Cycling almost killed The Yawpers‘ frontman Nate Cook, but it also saved his life.
“I think I would have drank myself to death during the pandemic had I not had something else to focus my energy on,” he tells BandWagon.
So instead, Cook set a lofty goal for which he would have to train. Starting on September 20 of last year, Cook pedaled his road bike to a gig in Tulsa, Oklahoma from Denver. Cook raised over $17,000 with a corresponding fundraising campaign dubbed “Go East Aging Man.” All of the money went to Sweet Relief, a nonprofit that provides financial aid to musicians who have fallen on hard times.
But, he almost didn’t make it. Without realising it, Cook had planned for his route to go along a section of interstate in rural Kansas. When he got there, he re-routed onto an unpaved country road and quickly regretted it.
“I wound up without cell service (then my phone died), without water, on a road bike in soft sand. I walked about 25 miles [bare foot – without his cycling shoes] until I got back to a road and was able to flag down a car.” Cook said. “I was absolutely certain I was going to die.”
Of course, if you’ve listened to the Yawpers’ music, you know that Cook has an affinity for grandiose stories with life or death consequences. So it is fitting that he will once again tempt fate on the open road this summer — this time on a westward bearing.
Starting on July 4 (after a gig at Littlefield in Brooklyn on the 3rd) Cook will depart from Greeley Square Park in New York City in a ride dubbed “Go West Aging Man.” Barring any major collisions, he will arrive in Los Angeles to play a celebratory set with the Yawpers on September 3. Along the way, he will also play solo shows in Chicago, Tulsa, Fort Worth and Austin.
“I’m terrified. The scope of this is insane and it’s going to be heavily publicized,” Cook said. And then with characteristic dark wit: “I’m concerned about failing, although, I feel like if I get hit by a car or something it will drive donations even more.”
The money raised through the charity ride will once again go towards Sweet Relief — an organization that once funded a liver transplant for one of Cook’s friends. Last year, the nonprofit created a fund dedicated to music industry workers who have been medically affected by the pandemic. Cook knows many musicians who have struggled to make ends meet over the past year, and he is thankful to be in a position to bolster support.
“My understanding is that Sweet Relief is getting more requests than during the height of the pandemic,” Cook said. “The idea is to give people a rallying point to donate to artists in a meaningful way. That’s what this is really all about.”
Of course, it’s never quite that simple for Cook. The man wrote an entire concept album about a boy who was abandoned in a well in France during World War I. His motivations stem from a nebulous mix of altruism, restlessness, penitence and a search for revelation.
“A man creates his problems — each dilemma the misbegotten product of some preceding ill-conceived remedy,” a narrator ruminates floridly over the promo video for “Go West Aging Man.” “As our nation reaches the midpoint of its third century, as cleaved as the days of Greeley, one wonders, what cardinal should we follow.”
The philosophical forefather of Cook’s ride is Horace Greeley — the namesake of both the town in which this magazine is published and the park in New York City where Cook will begin his ride. Greeley (1811-1872) was a writer, publisher of the New York Tribune and, for the time, an extremely progressive politician. He was a fierce abolitionist, first-wave feminist and staunch socialist. He is also the author of the manifest destiny-era slogan “Go west young man, and grow up with the country.”

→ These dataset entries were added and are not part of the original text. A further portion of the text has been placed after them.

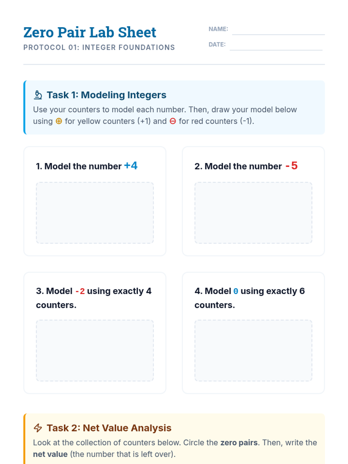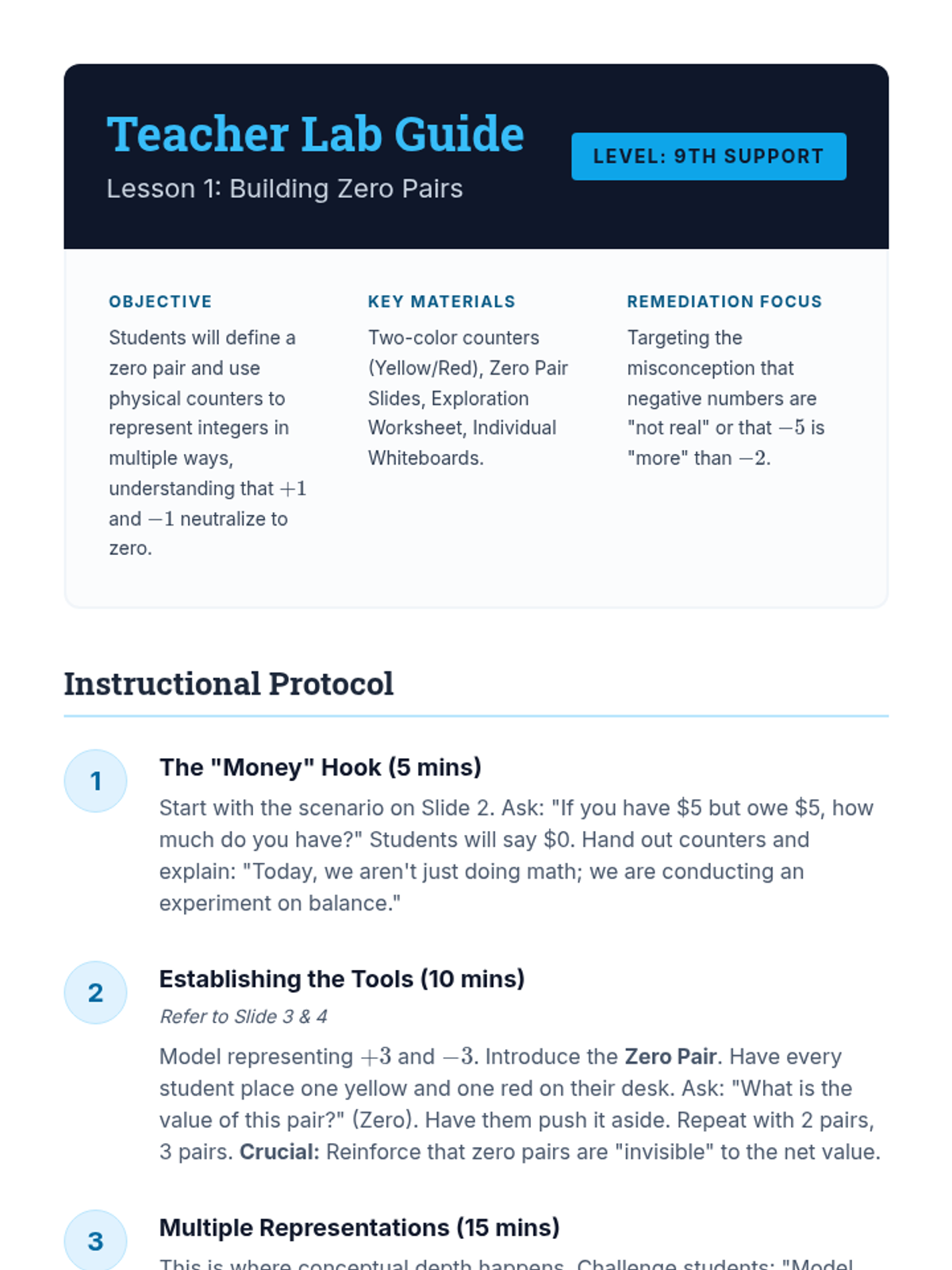 A comprehensive sequence designed to remediate integer operation deficits for 9th-grade students using concrete manipulatives, representational models, and abstract rule derivation. Students move from physical two-color counters to number line vectors, ultimately mastering integer fluency through conceptual understanding.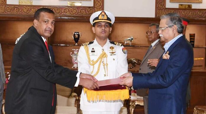 The newly appointed High Commissioner of Sri Lanka in Dhaka, Dharmapala Weerakkody presented Letters of Credence to President Mohammed Shahabuddin of Bangladesh on Thursday, (07) at the Bangabhaban in Dhaka.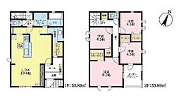 間取り内訳:リビングダイニングキッチン 19.6帖(1階)・洋室 8.2帖(2階)・洋室 4.5帖(2階)x3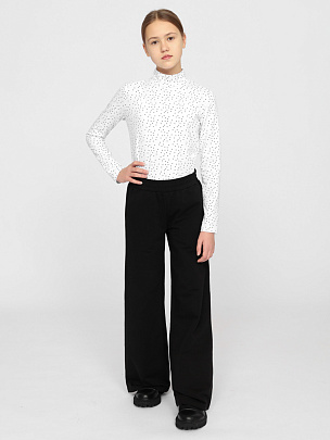 Джемпер для девочки с длинными рукавами и отложным воротником из кулирки, свободного силуэта. Рукава объемные, со спущенным плечом, снизу манжет из кулирки. Спинка с вырезом-капелькой и застёжкой на пуговицу-бусину с петлёй.
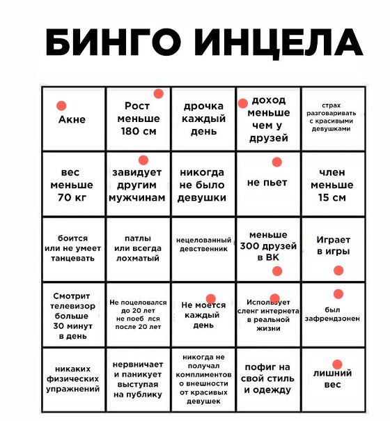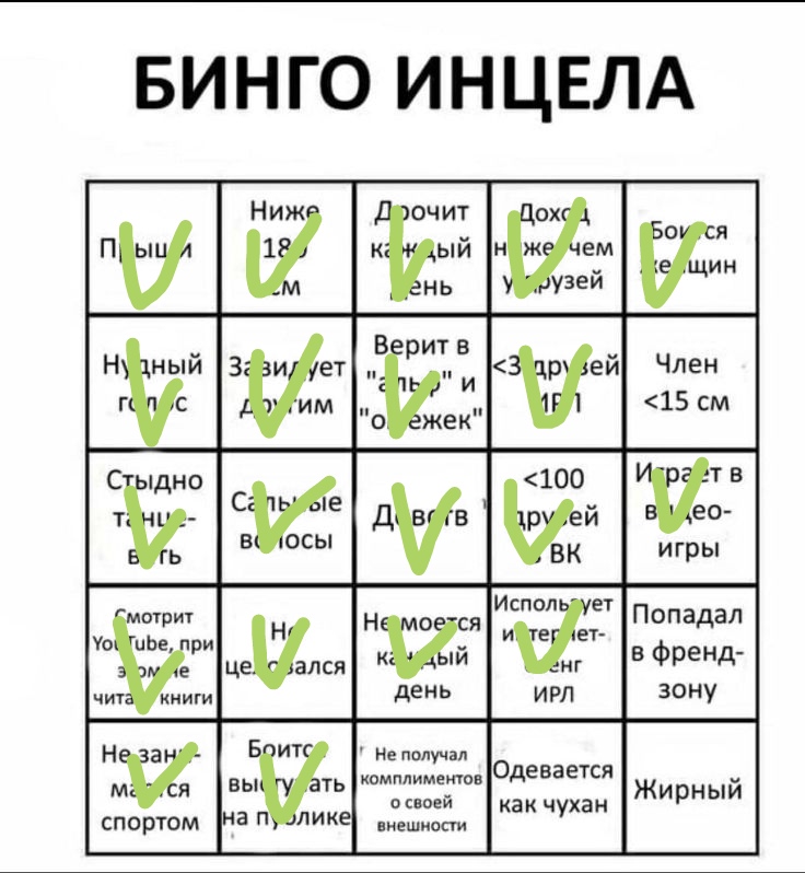 В тред приглашаются инцелы. Если ты выбил комбо по этим пунктам: 1. Рост ниже 175 см; 2.1 Член менее 13 см. по длине; 2.2 Член менее 11 см. по обхвату; 3. Внешность хуже, чем 5/10; 4. Физические и/или психические болезни; 5. Норвуд; (лысеющие) 6. Короткие руки; 7. Дистрофия или ожирение; 8. Грушевидная фигура; 9. Проблемная кожа; 10. Опухшесть лица; 11. Глаза жертвы, косоглазие; 12. Дефекты речи, То добро пожаловать на наш раут! Тут мы обсуждаем бытие некрасивых кунов, поддерживаем друг друга, желаем рака мозга симпам. Аминь.

“Maybe one of his more problematic causes was that he was an outspoken proponent of pushing westward,” Cook said. “But the idea of travel as healing is something that we share, and that’s why I chose him as the kind of spiritual father of the ride.”

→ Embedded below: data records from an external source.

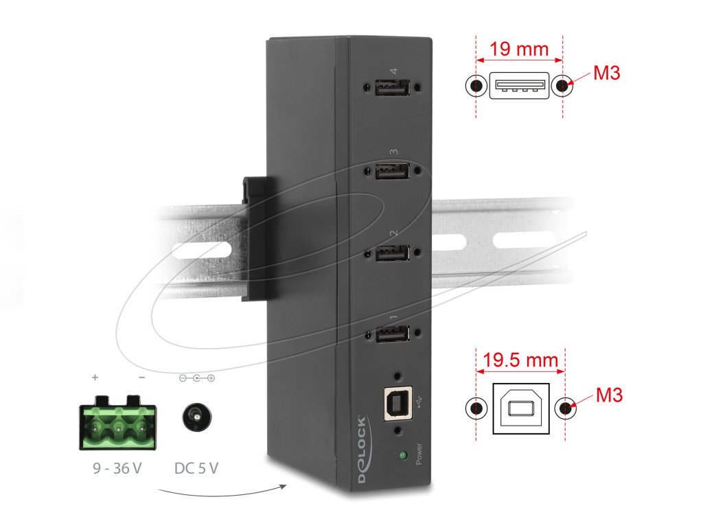 Ez a Delock tömör ipari felhasználhatóságú USB Hub összeköthet egy számítógépet A-típusú USB csatlakozási felülettel. Négy A-típusú USB-csatlakozóval bővíti ki a számítógépét.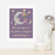 This whimsical storybook style design was created using my hand painted charming man in the moon adorned with pastel flowers tied with a sweet bow and surrounded by more moons, stars, and florals in delicate lavender purple complimented by soft pinks, lilac purple, light blue, and the grey tones of the moons and stars. It has real foil accents in your choice of gold or silver! Find more coordinating items in my Celestial Garden Over the Moon Baby Shower Collection.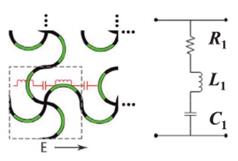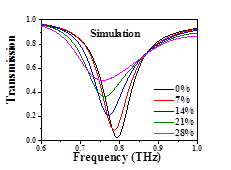 太赫兹时域光谱实验结果表明, 可拉伸超表面具有带阻频率选择特性,在施加28%的外部拉伸应变时,谐振频率的太赫兹波传输率可从0.15调到0.5,而频移只有3.4%。通过相应的电磁仿真和提出的LC等效电路模型,讨论了超表面的频率选择调制机理。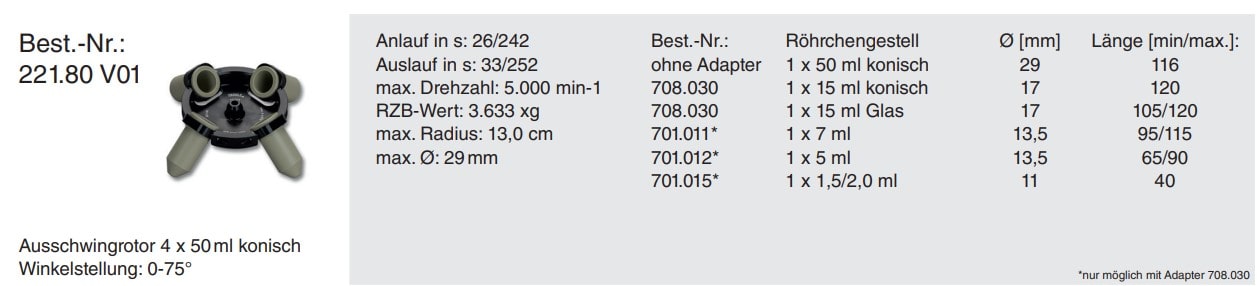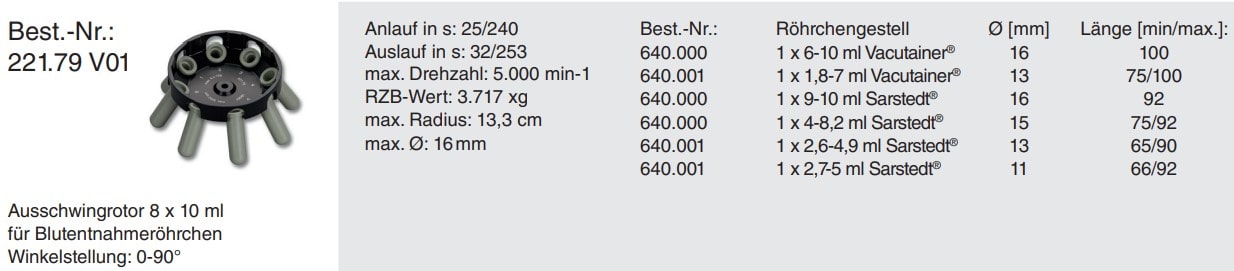 Ausschwingrotor 8 x 10 ml für Blutentnahmeröhrchen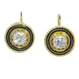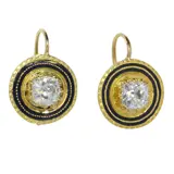 A pair of early Victorian circa 1830 earrings, manifesting the era's penchant for ornamental grandeur. Fashioned from 18K yellow gold, these earrings exhibit the finesse of enamelling, a revered technique since antiquity. Each earring is adorned with two old brilliant-cut diamonds, collectively weighing approximately 1.66ct. The condition is noted as good, with minor enamel wear, encapsulating the historical narrative and aesthetic movements of the time, from the Arts and Crafts to the Art Nouveau.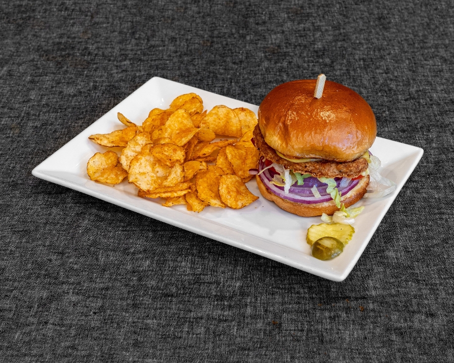 Brioche bun, vegan Chao cheese, vegan mayo, shredded lettuce, tomato, red onion, pickles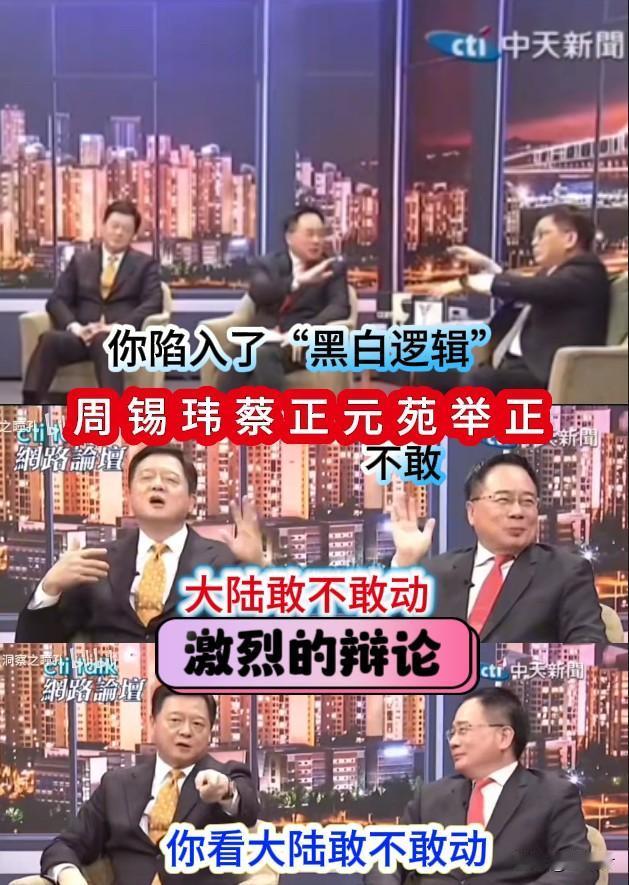 周锡玮、蔡正元、苑举正这三位时政评论专家同框,节目超级有看头。 俗话说三个女人一台戏,可他们三人围坐探讨时政,比女人的戏码更具看点。 在“大陆敢不敢动”这一话题上,蔡正元分析后给出的答案是“不敢”。 节目讨论中,三人观点出现分歧。视频节选片段里,主要是周锡玮和苑举正与蔡正元展开对驳。 周锡玮曾担任立法机构成员、台北县长等职。他理解大陆“忍耐”的应对策略,并给出自己的分析,认为中国是在等待时机、伺机而动。 苑举正是中国台湾地区学者,现任台湾大学哲学系教授。苑教授分析蔡正元的一系列说法,指出其可能陷入“黑白逻辑”的陷阱。 苑教授认为“战争是国之大事,死生之地”,世界并非非黑即白。选择战争是下下策,是不得已而为之。 评论区里,观众们也分享了观后感:蔡正元其实是恨铁不成钢,觉得该出手时不出手,该杀鸡儆猴时没动手,让一些国家得寸进尺。他们三位其实都是心系中国,只是观点和理念有所不同罢了。

While the money he raises will go towards healing ailing musicians, the journey itself may heal Cook. He still struggles with alcohol abuse, but training has kept him from taking it too far.

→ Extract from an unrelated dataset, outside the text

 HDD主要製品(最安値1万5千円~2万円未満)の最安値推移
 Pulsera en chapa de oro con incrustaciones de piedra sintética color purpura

“I don’t want to be all sanctimonious about it, because if I had read this during my darker days I would have thought it pretty pretentious to suggest that riding a bicycle could save somebody’s life,” he said. “But musicians – a lot of us – lead an unhealthy lifestyle, between touring and drugs and alcohol and lack of sleep and constant travel. Having found a way to do my art and still be healthy is a revelation.”
This, perhaps, is the emotional heart of Cook’s journey. The desire to bring health and happiness to artists — a group that’s modern narrative is wrapped up in depression and destitution.
“Most major artists that now inform what we think of as ‘good art’ were not able to support themselves during their lifetimes,” Cook said. “If we can somehow subsidize the art community in a way that allows you to make art independent of financial responsibility, I think it improves cultural life, life in general and makes us better as a society.”